Rationale behind FireFox priorities
When FF is adopted from a monolith to a modern software arcihitecture, it is a lot easier to control pieces of code (processes). In reverse processes (and third party code/add-ons, extentions) are not allowed to change just everything (the current big advantage according to the writer of Addblock), they are only allowd to touch what is needed for proper process execution (with a clear border on what is shared and what is the process íts own data property). By implementing a modern architecture Firefox enhances the means to implement policy management ('sandboxing') and reduces the attack surface automatically. Therefore every hour spend on securty after the new architecture is implemented has a tenfold higher impact/result than when it should be spend now. This not only applies to security but for other aspects as well. Simply put Firefox has to adopt, otherwise it can't keep up with the competition.


Final Remarks
I never used Comodo FW 1 and 2, I posted threads on how to reduce pop-ups of CFW 3 and I am even positive about Comodo V4 with its sandbox. I prefere policy sandboxing over program virtualisation. I did not like early Sandboxie's delay when starting up a browser. Tzuk has improved these issues and I now endorse people to use SBIE (when they are allready familiar with its concept).

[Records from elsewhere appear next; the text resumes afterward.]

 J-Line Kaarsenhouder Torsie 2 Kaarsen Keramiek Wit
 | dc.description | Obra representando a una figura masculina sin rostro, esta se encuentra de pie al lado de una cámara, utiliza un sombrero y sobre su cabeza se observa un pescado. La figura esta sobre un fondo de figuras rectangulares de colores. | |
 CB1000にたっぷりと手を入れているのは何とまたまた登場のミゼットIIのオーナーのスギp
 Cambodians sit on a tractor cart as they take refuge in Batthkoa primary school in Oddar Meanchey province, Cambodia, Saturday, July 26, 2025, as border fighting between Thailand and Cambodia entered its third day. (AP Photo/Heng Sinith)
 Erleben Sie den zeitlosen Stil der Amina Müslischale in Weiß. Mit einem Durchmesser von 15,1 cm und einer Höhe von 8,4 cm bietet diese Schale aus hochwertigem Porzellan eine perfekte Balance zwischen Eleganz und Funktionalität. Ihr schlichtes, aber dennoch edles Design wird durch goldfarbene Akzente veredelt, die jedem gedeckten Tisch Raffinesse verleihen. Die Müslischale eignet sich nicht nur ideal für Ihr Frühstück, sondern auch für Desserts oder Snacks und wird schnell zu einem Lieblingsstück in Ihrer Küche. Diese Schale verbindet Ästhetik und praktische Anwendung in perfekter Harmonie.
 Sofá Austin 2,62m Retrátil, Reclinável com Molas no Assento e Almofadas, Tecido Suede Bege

So it may well be that I am positive on FF 4.0 or even start using FF 5.0. I am not against certain software or blindly in favour of others (e,g. DefenseWall, Online Armour, PrevX), I am just spicing up discussion and putting overhyped qualities into perspective.

To mods: when no one reacts this thread may be closed, with over 800 views it served its purpose

Regards Kees

 

No, that's definitely wrong! I've been running my computer as a limited user for many years. As a limited user I don't have write permission for the installation folder - adding Noscript (or any other extension) simply wouldn't have been possible.

Sorry Kees - but please stop maintaining claims about things where you obviously lack sufficient knowledge.

 

Yes. Please use fact only. Confuse people only if yes.